A big part of my practice is assisting financial advisors, third party administration (TPA) firms, and plan sponsors nationally with what I call an open phone policy. Financial advisors, TPAs, and plan sponsors can call me up with any questions they have about qualified and non-qualified plans without having to worry that they are going to be charged for just getting an answer to a question. I am all about building relationships and helping people in the retirement plan community, save one retirement plan at a time. So if you need any quick answer or help, give me a call (cheap plug).

That being said, I got two questions on the left coast that were different but both ended with that saying I have heard so many times over the last 16 years as an ERISA attorney.

The first question came from a TPA in California. A defined benefit plan sponsor wanted to invest in a mortgage in a building that the plan sponsor would buy and the plan sponsor would live in. Of course, there is something called a prohibited transaction and an exemption from the Department of Labor won’t happen. Of course, the client’s financial advisor claimed that what the plan sponsor wanted to do was fine “because everyone does it.”

In the second question, an attorney friend of mine asked me about a client of theirs who had a retirement plan, but wasn’t covering the leased employees in their office.

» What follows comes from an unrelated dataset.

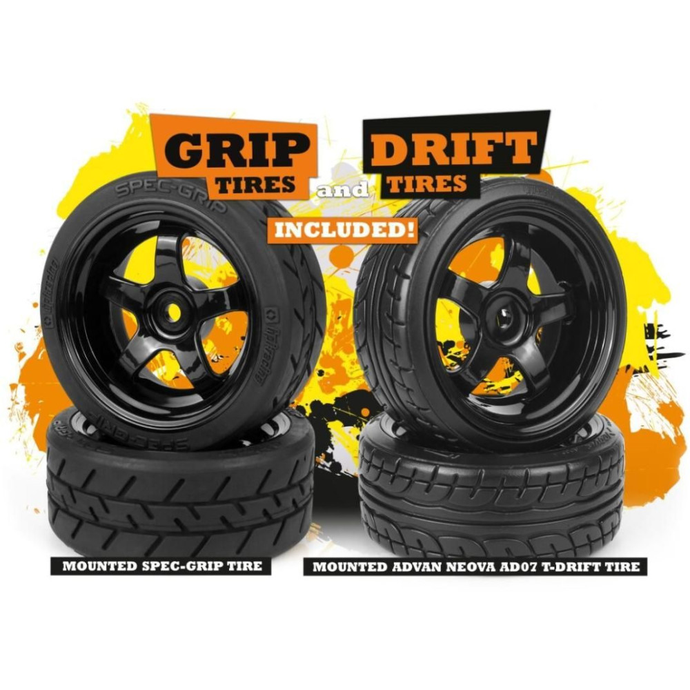 De itt sem álltunk meg - nem egy, hanem KÉT garnitúra gumiabroncsot is mellékeltünk, így választhatsz, hogy driftelni vagy gyorsan "tapadósan" akarsz menni a pályán vagy az utcán! Ez teljesen rajtad múlik!

Since the leased employees didn’t meet any of the exceptions for coverage set out by the Internal Revenue Code, they had to be covered. Of course the client thought that not covering the leased employees was fine “because everyone does it.”

As an ERISA attorney, I have to counsel my clients to operate their sponsorship of retirement plans within the limits of the Internal Revenue Code and ERISA. I don’t care what everyone else is doing if what they are doing would result in plan disqualification or sanction if caught by the Internal Revenue Service and Department of Labor. Plan sponsors and plan trustees are plan fiduciaries and have to act prudently within the confines of the law. Simply saying everyone is breaking these laws is no defense.

I had a client being sued by the government because as a plan fiduciary, they didn’t make sure the TPA was doing their job. Saying that they aren’t liable because most other plan sponsors don’t make sure their TPAs are doing their job is no defense.

The DOL and IRS won’t care if everyone is doing it; they just want to make sure plan sponsors don’t.